Medicare already has a voucher program. It is called Medicare Advantage and it failed.
"the market-based arm of the program costs more, not less, per beneficiary. Those fixed monthly payments to Advantage plans are, on average, 13 percent above fee-for-service Medicare costs. It didn’t start out that way. Originally, private Medicare plans were paid 95 percent of per beneficiary fee-for-service costs. The logic was that private plans ought to be able to provide Medicare services more efficiently than traditional Medicare through a combination of controlling utilization and driving hard bargains with providers. So, Medicare used to take five percent off the top.

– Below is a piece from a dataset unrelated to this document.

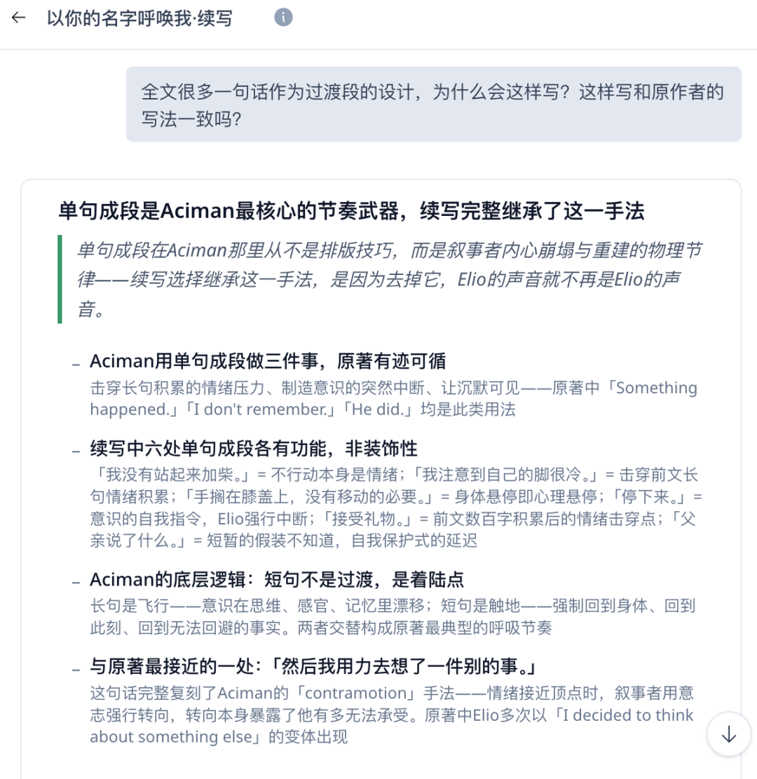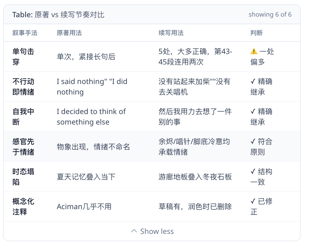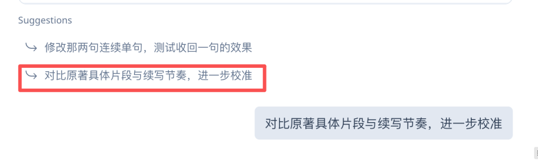 紧接着,上面翻译用到过的“校审官”不请自来,它对自身要求很高,直接给我摊开展示哪些地方续写得与原著吻合,哪些地方还要再进行校准:

Then Congress began to ratchet up payments, first with the 1997 Balanced Budget Act and more recently with the 2003 Medicare Modernization Act. (This year’s health reform law aims to reduce Advantage payments, though still not below 100 percent of fee-for-service costs on average.) Ironically, traditional Medicare payment regulatory reforms–like the prospective payment of hospitals and home health agencies–have been more successful (even if not anywhere near successful enough) in mollifying the rate of growth in the program’s costs.
What’s going on? Why is the market-based Advantage voucher system not helping to control Medicare costs? The answer is that health care cost control is tough, technicallyand politically. Provider groups typically resist it. When it pertains to Medicare, beneficiaries resist it too. By adding another private-sector layer to the program–health insurers–the Advantage program invites a third source of political pressure. Rent-seeking by providers and insurers, as well as the power of the beneficiary constituency, align in their encouragement of higher Advantage payments. Congress, apparently, is willing to yield to that encouragement."